EXERCISE INPUT:
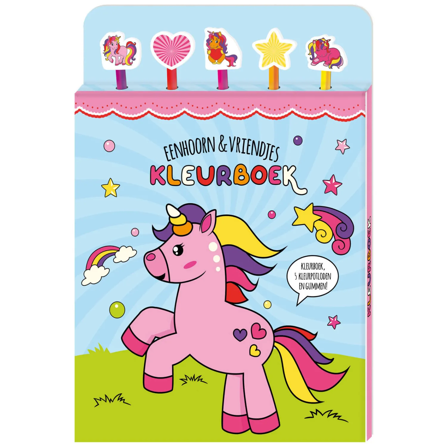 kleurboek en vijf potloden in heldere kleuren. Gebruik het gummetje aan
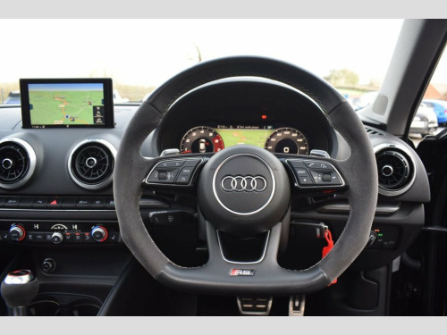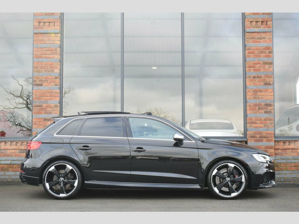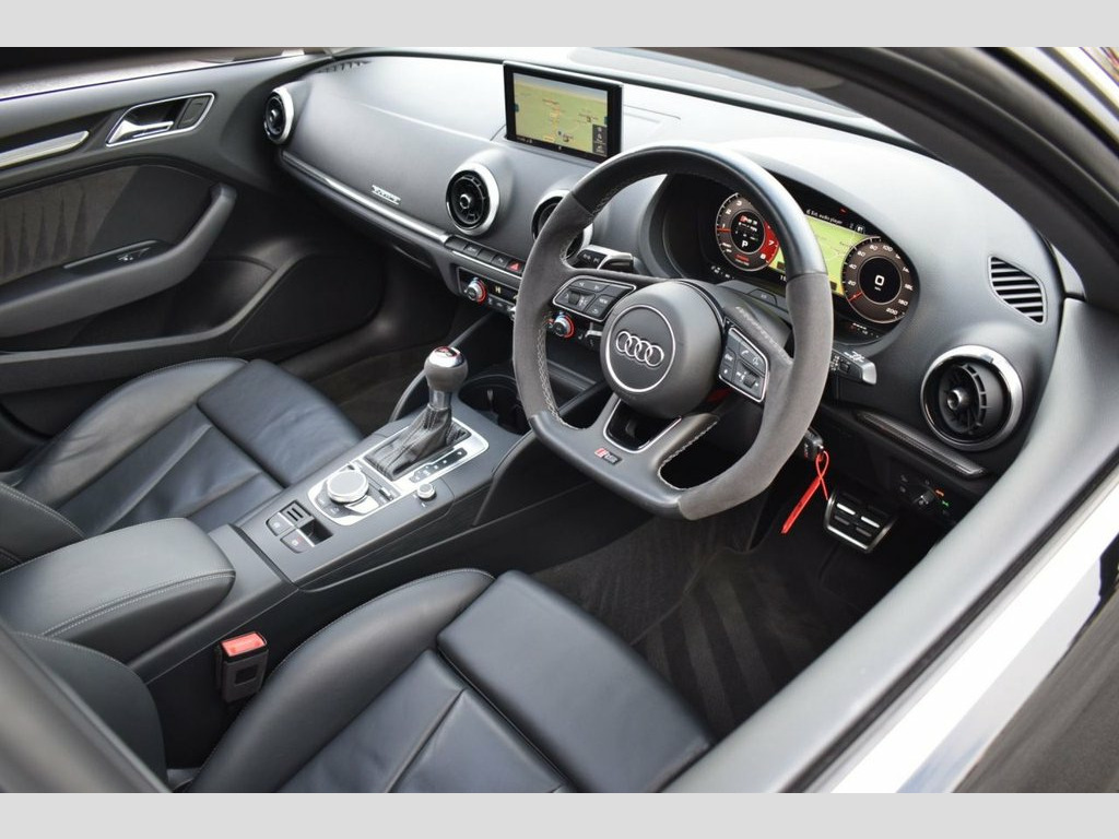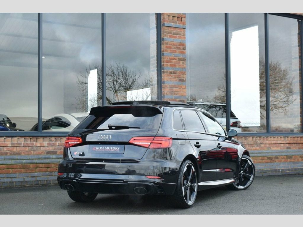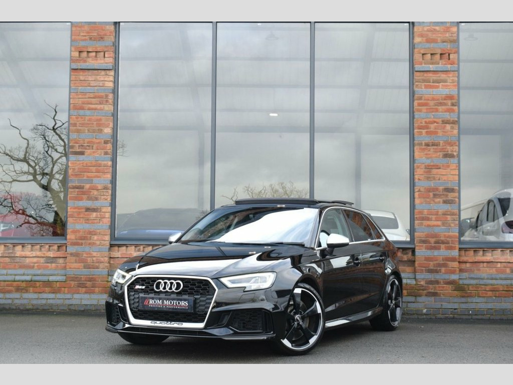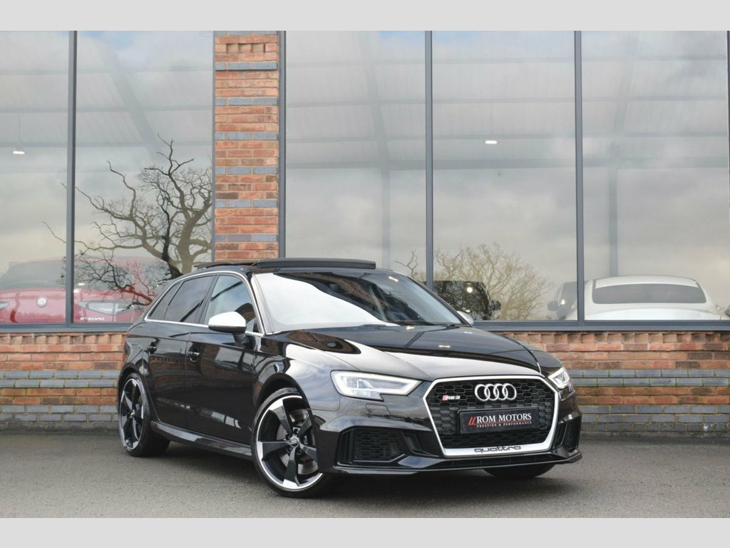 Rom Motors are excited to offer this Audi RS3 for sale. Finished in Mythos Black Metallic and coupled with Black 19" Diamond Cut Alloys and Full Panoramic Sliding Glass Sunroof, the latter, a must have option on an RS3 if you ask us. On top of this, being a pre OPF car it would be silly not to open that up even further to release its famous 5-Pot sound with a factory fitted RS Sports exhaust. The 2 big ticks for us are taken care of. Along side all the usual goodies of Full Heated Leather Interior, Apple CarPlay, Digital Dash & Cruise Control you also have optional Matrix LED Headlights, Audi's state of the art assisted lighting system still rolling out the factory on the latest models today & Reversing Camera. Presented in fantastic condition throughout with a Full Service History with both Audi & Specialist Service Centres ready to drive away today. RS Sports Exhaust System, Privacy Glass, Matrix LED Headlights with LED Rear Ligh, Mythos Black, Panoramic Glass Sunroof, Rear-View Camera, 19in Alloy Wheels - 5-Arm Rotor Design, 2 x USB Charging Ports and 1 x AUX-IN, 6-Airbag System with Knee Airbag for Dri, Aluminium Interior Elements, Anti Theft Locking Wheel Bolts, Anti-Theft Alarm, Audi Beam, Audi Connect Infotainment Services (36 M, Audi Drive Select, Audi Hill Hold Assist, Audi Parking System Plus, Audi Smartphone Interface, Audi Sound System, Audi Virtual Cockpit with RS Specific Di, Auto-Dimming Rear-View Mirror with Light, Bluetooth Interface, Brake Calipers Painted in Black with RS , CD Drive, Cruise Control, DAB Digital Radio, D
--
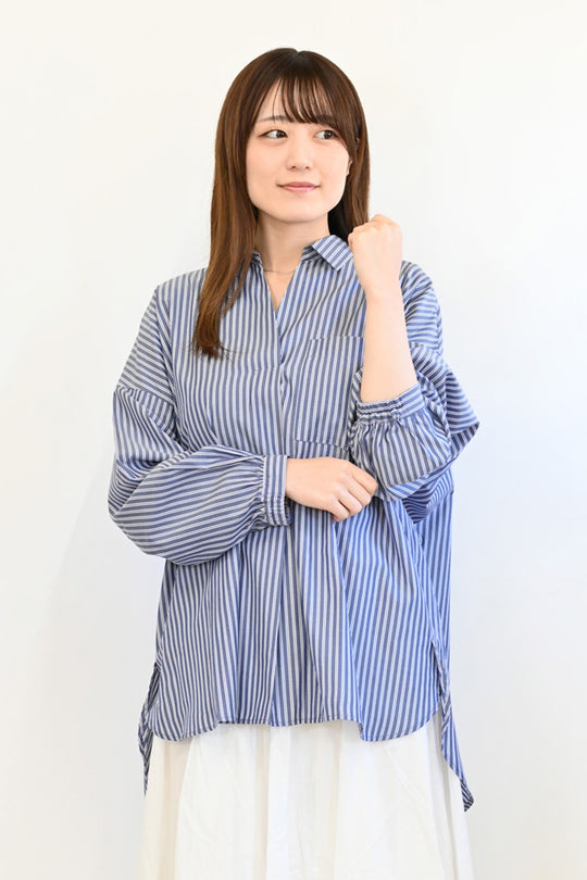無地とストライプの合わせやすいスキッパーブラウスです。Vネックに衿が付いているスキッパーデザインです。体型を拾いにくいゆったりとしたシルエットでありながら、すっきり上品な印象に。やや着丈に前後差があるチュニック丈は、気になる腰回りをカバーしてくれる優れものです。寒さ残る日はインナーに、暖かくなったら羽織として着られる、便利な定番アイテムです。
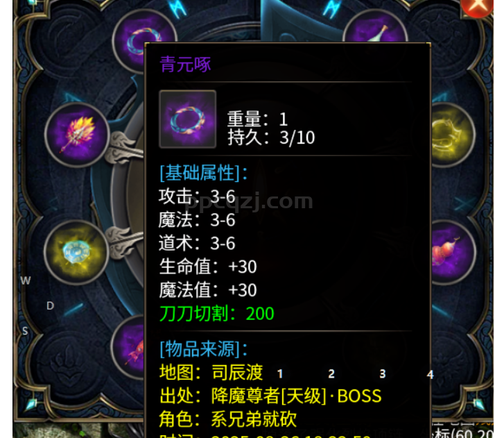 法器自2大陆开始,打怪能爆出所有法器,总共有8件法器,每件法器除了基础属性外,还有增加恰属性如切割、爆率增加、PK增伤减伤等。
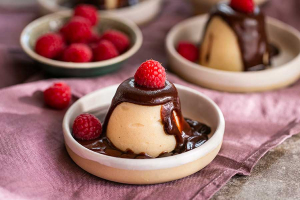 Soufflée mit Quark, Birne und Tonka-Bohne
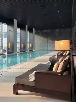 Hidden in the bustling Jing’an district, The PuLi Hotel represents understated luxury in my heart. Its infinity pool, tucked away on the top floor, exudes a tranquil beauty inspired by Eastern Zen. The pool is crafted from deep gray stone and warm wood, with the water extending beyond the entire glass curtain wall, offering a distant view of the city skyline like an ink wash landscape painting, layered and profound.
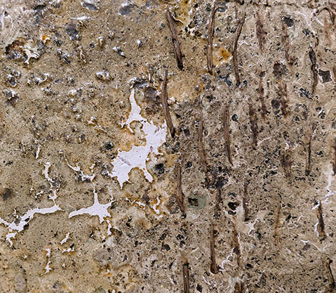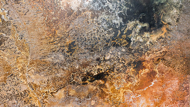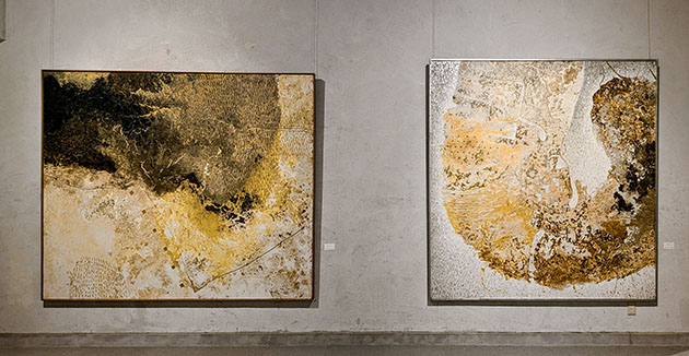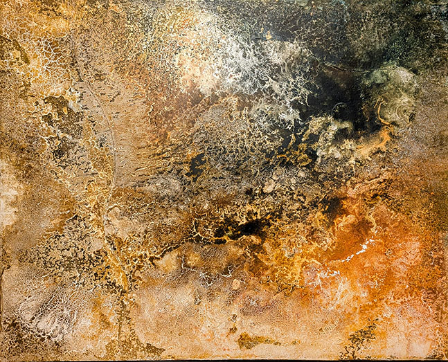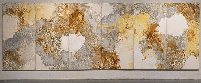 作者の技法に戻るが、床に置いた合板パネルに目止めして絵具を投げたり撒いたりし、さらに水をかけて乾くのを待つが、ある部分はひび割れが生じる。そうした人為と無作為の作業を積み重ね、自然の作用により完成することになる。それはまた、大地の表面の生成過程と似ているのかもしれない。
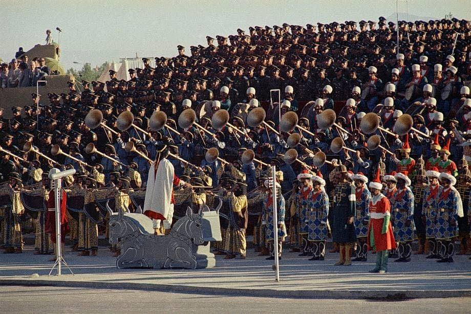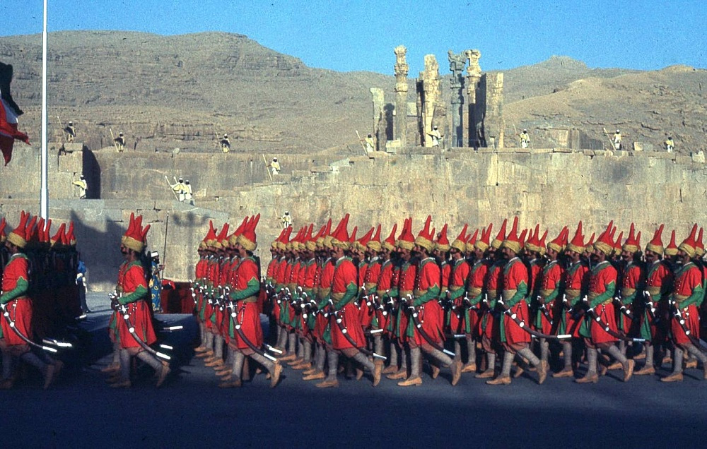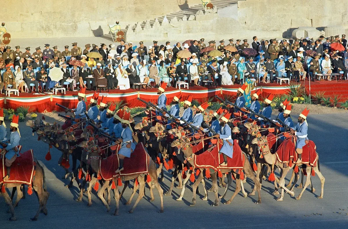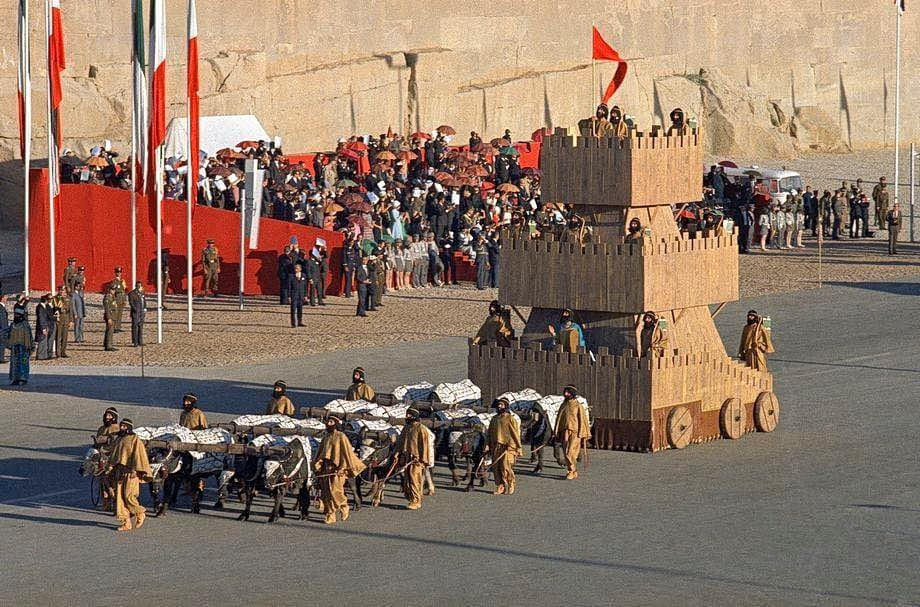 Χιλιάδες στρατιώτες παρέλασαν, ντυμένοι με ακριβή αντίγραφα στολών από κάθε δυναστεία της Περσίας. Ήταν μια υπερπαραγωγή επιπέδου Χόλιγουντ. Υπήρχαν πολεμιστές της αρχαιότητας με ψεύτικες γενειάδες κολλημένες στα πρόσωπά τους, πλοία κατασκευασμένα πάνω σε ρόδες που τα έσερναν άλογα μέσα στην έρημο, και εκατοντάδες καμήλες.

REQUIRED ACTION:
Respond with the exact lines above running from the one containing "作者の技法に戻るが、床に置い" to the one containing "Χιλιάδες στρατιώτες παρέλασαν, ντυμένοι", both ends kept and no pictures included.

SOLUTION:
 作者の技法に戻るが、床に置いた合板パネルに目止めして絵具を投げたり撒いたりし、さらに水をかけて乾くのを待つが、ある部分はひび割れが生じる。そうした人為と無作為の作業を積み重ね、自然の作用により完成することになる。それはまた、大地の表面の生成過程と似ているのかもしれない。
 Χιλιάδες στρατιώτες παρέλασαν, ντυμένοι με ακριβή αντίγραφα στολών από κάθε δυναστεία της Περσίας. Ήταν μια υπερπαραγωγή επιπέδου Χόλιγουντ. Υπήρχαν πολεμιστές της αρχαιότητας με ψεύτικες γενειάδες κολλημένες στα πρόσωπά τους, πλοία κατασκευασμένα πάνω σε ρόδες που τα έσερναν άλογα μέσα στην έρημο, και εκατοντάδες καμήλες.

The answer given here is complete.